I haven’t found any reference to sum-factorization in ngsolve yet. Is it implemented in ngsolve? Either as assembly routine or incorporated in a cg-version (as e.g. in the monograph of Karniadakis/Sherwin and related work).

Since i haven’t implemented a matrix/mesh-free version yet, i want to compare the time until the global matrix is fully assembled.
What is the most efficient way to do this in ngsolve? (Is it just H1(mesh,order), a = bilinearform, a.assemble() or is there a faster method?)

What is the asymptotic complexity for your element matrix calculation?

Best regards

Hi Tim,

we don’t use sum-factorization for the matrix assembling, but we can use sum-factorization for matrix-free operator application with NGSolve. See tutorial 2-11 on matrix-free operator application, and 3-3 for matrix-free time-stepping methods.

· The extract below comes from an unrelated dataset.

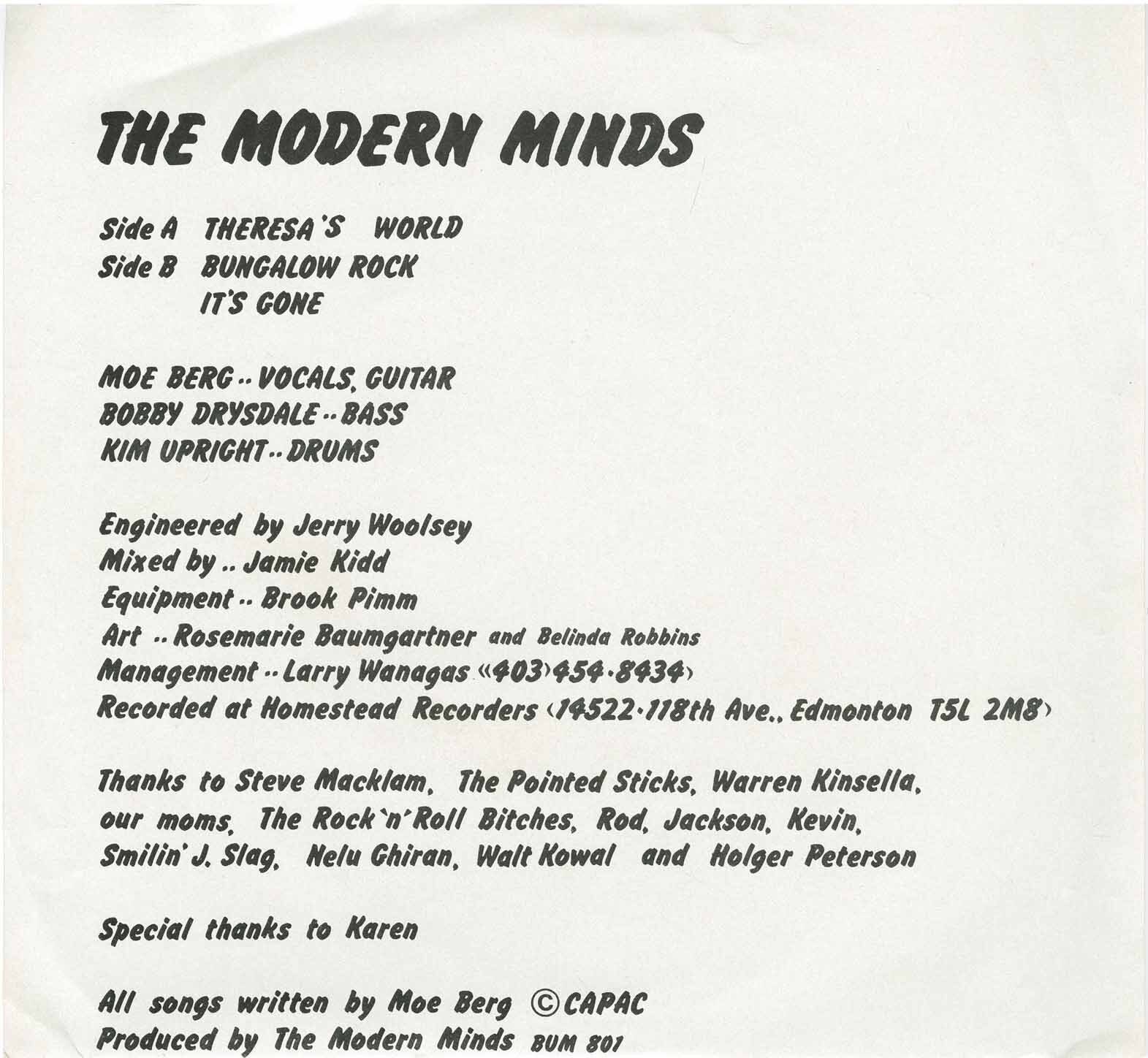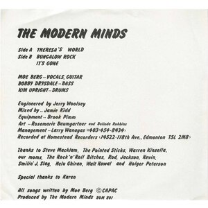 Modern Minds were a pioneering power-pop and new wave band from the Edmonton suburb of St. Albert, Alberta. The trio—Moe Berg (vocals, guitar), Bob Drysdale (bass), and Kim Upright (drums)—formed officially in January 1979, though their musical roots extended much earlier. As childhood friends in St. Albert, Upright and Drysdale began jamming in elementary school and eventually teamed up with classmate Graham Brown to form their first group, Stones, in junior high. By high school, the band evolved into Hot Toddy, and later, Modern Minds.

We have timers for the major functions in NGSovle, which you can access via

 for t in Timers():
    print (t)

Look out for “Matrix assembling”, “SymbolicBFI::CalcElementMatrix”,
“static condensation”, “SparseMatrixSymmetric::AddElementMatrix”, “CGSolver”
They are meant for experts, some count wall-clock, some count single core CPU-time …

You are welcome to present and discuss your findings.

For matrix-free methods the main difficulty is the preconditioner. We have some experimental stuff floating around, but it is not sufficiently robust for release. Contributions are very welcome !

The complexity of element-matrix assembly in NGSolve is the same as static condensation, O(p^3d).
As far as I remember some comparison with sum-factorization, the break even was between 4 and 6 (on tetrahedral meshes). Of course, it heavily depends on the linear algebra kernel you use, and this is pretty optimized in NGSolve.


Hi Joachim,

thanks for the Answer. I will take a look at the timer.

Im experimenting with really high polynomial degrees.
Thus a small follow up question. Can i provide more local heap to the BilinearForm assemble routine?
I get limited at p=40, even if i only use like 2 triangles.